= William Coningsby =

16th-century English politician

Sir William Coningsby (c. 1483 – September 1540) was an English Member of Parliament and a Justice of the King's Bench.

==Biography==
William Coningsby was born by 1483, the son of Sir Humphrey Coningsby of Aldenham, Hertfordshire. (Note: William Coningsby is said to have been descended from Roger de Coningsby, lord of Coningsby in Lincolnshire in the reign of John.) He was educated at Eton,and King's College, Cambridge, becoming a Fellow of that college. He was Lent Reader at the Inner Temple in 1519, Treasurer of the same Inn, 1525–6, Reader again in 1526 and one of the Governors of the Inner Temple in 1533–4, and 1538–9. He was one of the Commissioners appointed to hear causes in Chancery in relief of Cardinal Wolsey, in 1529.

Coningsby was Recorder of Lynn from 1524 until his death in September 1540 and appointed a serjeant-at-law and Justice of the King's Bench in 1540. In 1536, he was elected to represent King's Lynn in Parliament.

Coningsby was one of the governors of the Inner Temple in 1533–40, 1536–7, and 1538–9. In 1539-40, he was arraigned in the Starchamber and sent to the Tower for advising Sir John Shelton to make a will upon a secret trust, in contravention of the Statute of Uses (27 Hen. 8. c. 10). He was released after ten days’ confinement, but lost the offices of prothonotary of the king's bench and attorney of the duels of Lancaster, which he then held. On 5 July of the same year, he was appointed to a puisne judgeship in the king's bench, and was knighted; but as his name is not included in the writ of summons to parliament in the next year, it would seem that he died or retired soon after his appointment. Coningsby was also recorder of Lynn in Norfolk, in which county his seat, Eaton Hell, near Wallington, was situate.

==Family==
Coningsby had married Beatrice, the daughter of Thomas Thoresby of Lynn and the widow of William Trew. They had a son, Christopher and four daughters. His daughter Margaret (c. 1522–1598) married Sir Robert Alington, the son of Sir Giles Alington, of Horseheath, High Sheriff of Cambridgeshire. She married secondly Thomas Pledger in Bottisham in that county.
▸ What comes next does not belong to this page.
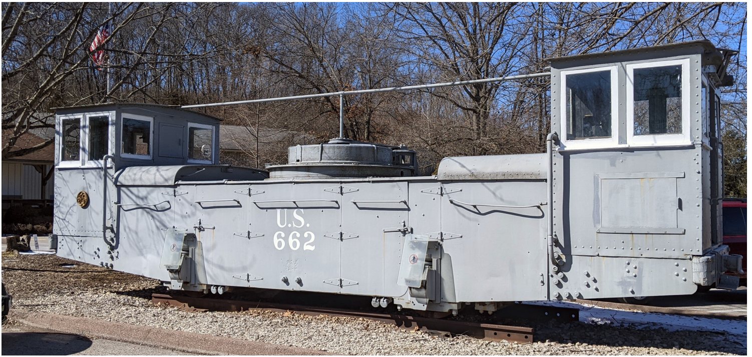
Above: the 1914 U.S. Mule #662 was built by General Electric. In 1914, to operate on the Panama Canal, 40 mules (named after the pack animal) were built by GE. They were used for side-to-side and braking control through the locks. Four mules were used per ship, one on each side and one on each end. They each cost $13,092 and were used on the Pacific side of the canal at the Pedro Miguel locks. They each weighed 86,300 pounds and were 32'-2 1/4" in length. The mule ran on 5' gauge rails.
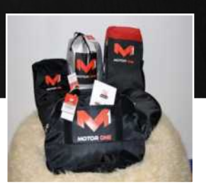
Car Cover Celia bags

His son Christopher Coningsby (1516– 15 September 1547) of Wallington, Esq. was slain in the first of Edward VI at the battle of Muscleborough in Scotland. His wife was Anne, daughter of Sir Roger Woodhouse of Kimberley. After her husband's death, Anne remarried to Sir Thomas Ragland. By his wife, Christopher Coningsby had three daughters and coheiresses. Elizabeth married Francis Gawdy, Esq., Anne married Alexander Balam of Elme in Cambridgeshire, and Amy married Thomas Clarke of Avington in Northamptonshire.